Comentario habitual numero dos: Los padres son unos inconscientes/egoistas al traer un hijo “deficiente”

A veces pensamos qué hubiéramos hecho de saber que Silvia tenía SD en el embarazo. Y sigo sin verme capaz de responder de primeras, pero sí que es cierto que, de haber decidido no tenerla, nos hubiéramos perdido una gran personita, gritona, con carácter, con su parloteo que avanza a velocidad de crucero y, sobre todo, nos hubiéramos perdido a nuestra hija. 

Y no creo que seamos más egoístas que el que decide una cosa u otra por su hijo. Eso sí, somos padres más apalizados por su agenda de atención temprana, que nos hacen llevarla de la ceca a la meca.

Comentario habitual numero tres: Son muy cariñosos

En eso remito a los comentaristas al blog de Noelia (mesobrauncromosoma.blogspot.com) y a que, si hablamos por “cariñoso” en términos de humanidad, de eso estoy segura. Segura de que mi hija será mucho más humana que yo, mirará a la vida con un color más alegre que como la miro yo y apreciará las pequeñas cosas mucho mejor que yo. 

Qué domingo tan divertido hemos comenzado 🙂

… que el barco del arroz

A esto se une varias experiencias que hemos vivido y que nos hacen darle más de una vuelta a varios asuntos:

a. en las maternidades deberían de dar un curso de “inteligencia emocional para médicos más brutos que un arado”. Esta conclusión la saqué de una cena de mamis con nenes de excelso cromosoma extra y vi que nuestra experiencia no fue la única, que insensibles hay en hospitales públicos y privados.
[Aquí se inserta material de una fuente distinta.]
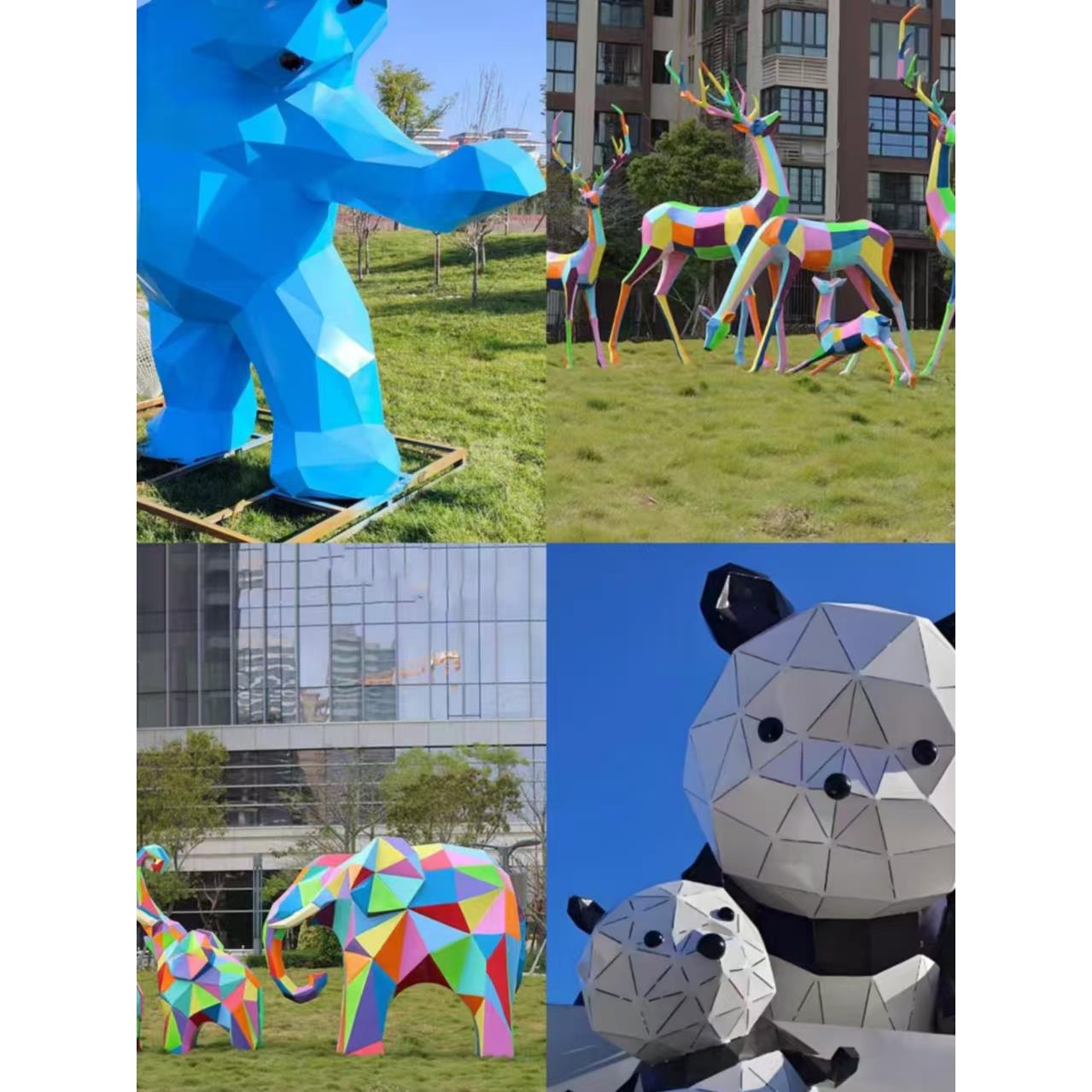 不锈钢几何抽象雕塑网红熊户外园林景观动物雕塑定制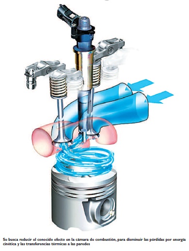 El primer paso al respecto, consta en atenuar el efecto Swirl en la cámara de combustión, es decir el movimiento de rotación del aire dentro de la misma (movimiento turbulento), con la finalidad de disminuir las pérdidas de energía cinética y las transferencias térmica a las paredes.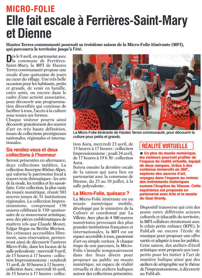 L’Union du Cantal – Micro-Folie – Elle fait escale à Ferrières-Saint-Mary et Dienne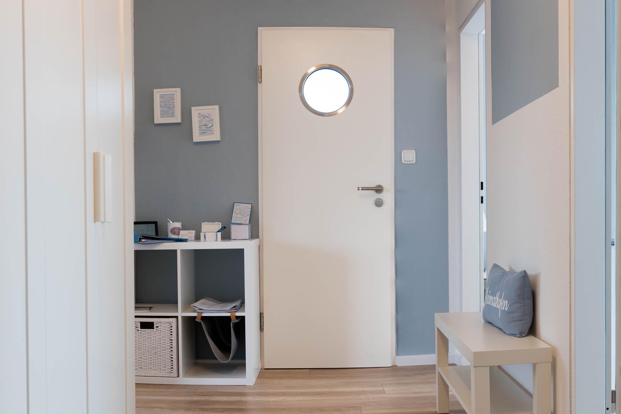 Im Flurbereich befindet sich die Garderobe, der Kleiderschrank und der Haushaltsschrank mit diversen Haushaltsutensilien. Für Ihre Sicherheit ist ein Feuerlöscher und ein Erste Hilfe Kasten vor Ort.
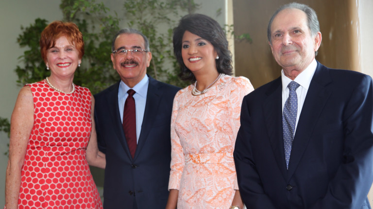El presidente Danilo Medina y su esposa, Cándida Montilla de Medina, junto al Canciller en funciones, José Manuel Trullols y funcionarios del Ministerio de Relaciones Exteriores del país, durante el cóctel que ofrecieran en su honor.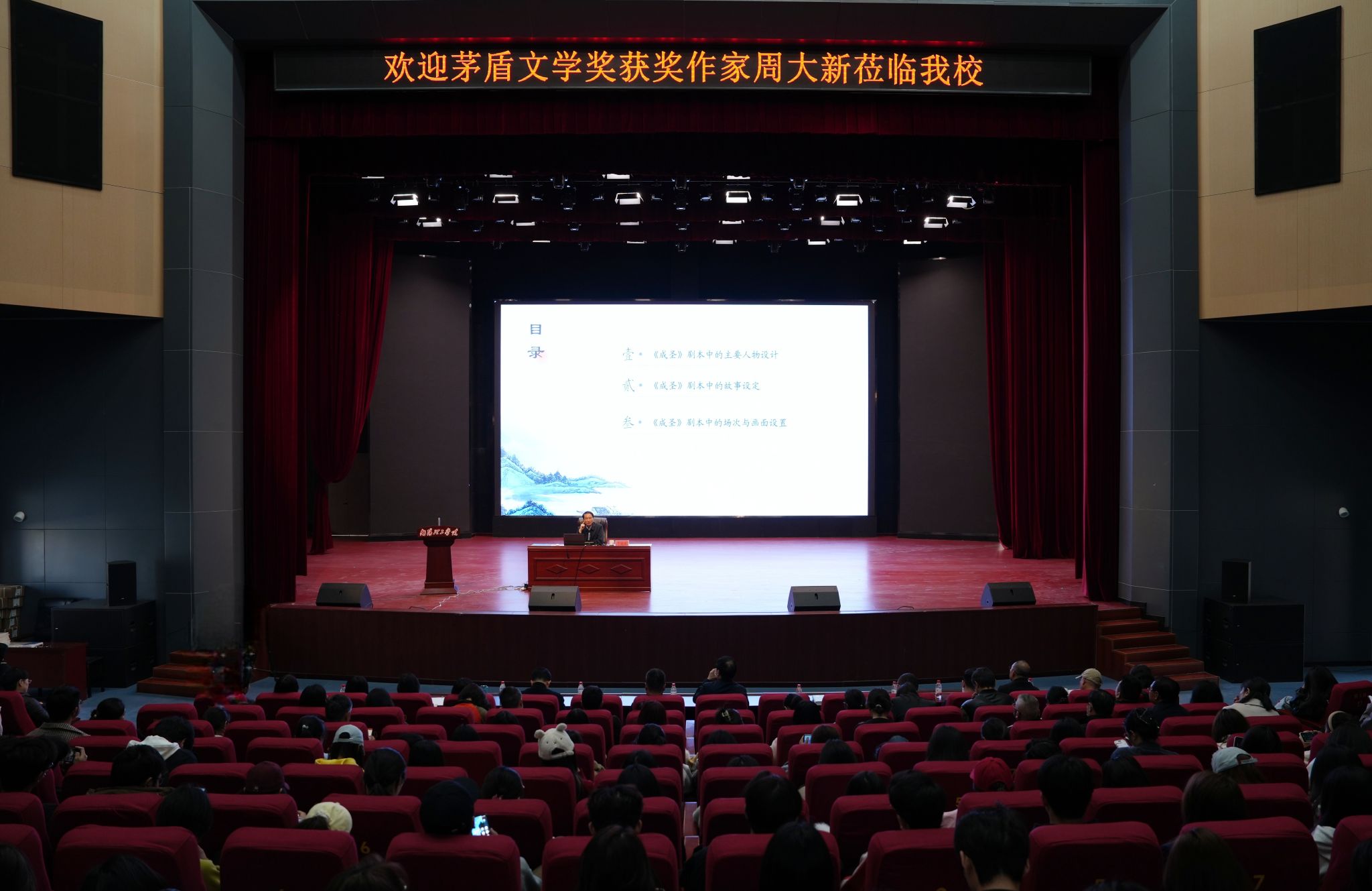 本网讯(特约记者/钟慧媛 张旭东)4月1日下午,茅盾文学奖获奖作家周大新在东校区音乐厅做了“连续剧作品的要素——从《成圣:张仲景》说起”的主题讲座。校长郝好山、党委副书记张爱红,南阳市文联相关领导以及传媒学院师生等600余人聆听了此次讲座。讲座由传媒学院院长李存主持。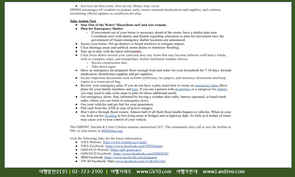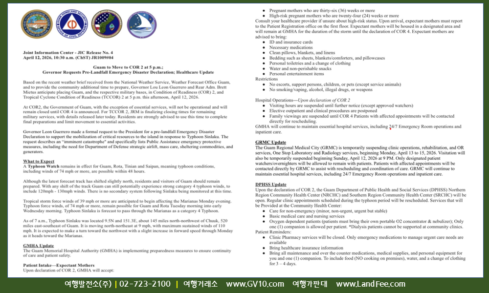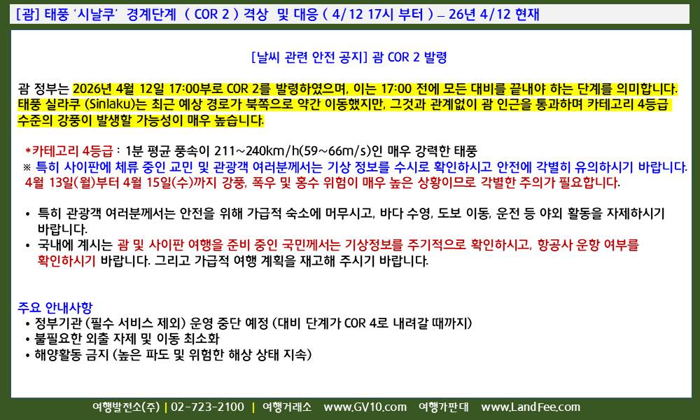 [괌] 태풍 ‘시날쿠’ 경계단계 ( COR 2 ) 격상 및 대응 ( 4/12 17시 부터 ) – 26년 4/12 현재
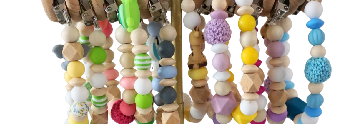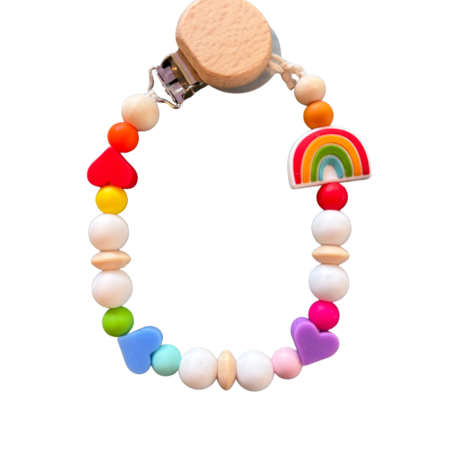 Perlen Schnullerkette bunt „Regenbogenherzen“

b. Que tras ver el Maria Corredentora lo vamos a pasar francamente mal tomando la decisión del cole – cuando llegue –

c. Que si un niño con síndrome de down ni llora, ni habla ni balbucea, ni nada de nada… entonces, aquí la señorita tendrá el síndrome de up o de left, porque vaya genio que se gasta la criatura

d. El juego del cucu-tras se lo conoce ya a la perfección – véase de nuevo testimonio gráfico –

e. Y que esto de que te meta la vida en una aventura inesperada es eso, una aventura. Que yo cada dia estoy más tranquila. Y qué diantres, si total, nada es para tanto 😉

Más perdidos…

Llevamos más de un mes sin actualizar, y aunque no es de recibo dar excusas, si que es cierto que:

1.- La mamá ha estado 1 semana fuera por motivos laborales, en la otra punta del mundo (bueno, a 14 horas de avión)

2.- El papá fue a recoger a la mamá y decidieron que, como el mundo se va a la porra el 12 de diciembre de 2012, había que visitar Las Vegas y San Francisco, no vaya a ser que el apocalipsis empiece por Sin city y luego decida mover un poco las Russian Hills de la ciudad del Golden Gate.

3.- A ello se le une que, cuando papá y mamá volvieron a recoger a la criatura, se encontraron un osezno por gracia y obra de los abuelos maternos (vease foto adjunta)

4.- Mamá pensó que Phoenix le había sabido a poco, total, qué aburrida es la vida sin aeropuertos. Así que se marchó a Berlin.

5.- Papá y Silvia pensaron… ¿qué podemos hacer los dos solitos? Pues pillarse una gastroenteritis.

Y así hemos acabado, mamá en Berlin agobiada, papá y Silvia echando el resto y hasta hoy…

Por otro lado, Silvia ha pegado un avance bastante impresionante. Ya intenta agarrarse los pies (cosa que veremos de un día a otro), se da la vuelta ya solita hacia el lado derecho y la sentamos apoyadita con cojines y vaya si le gusta esta nueva forma de ver el mundo.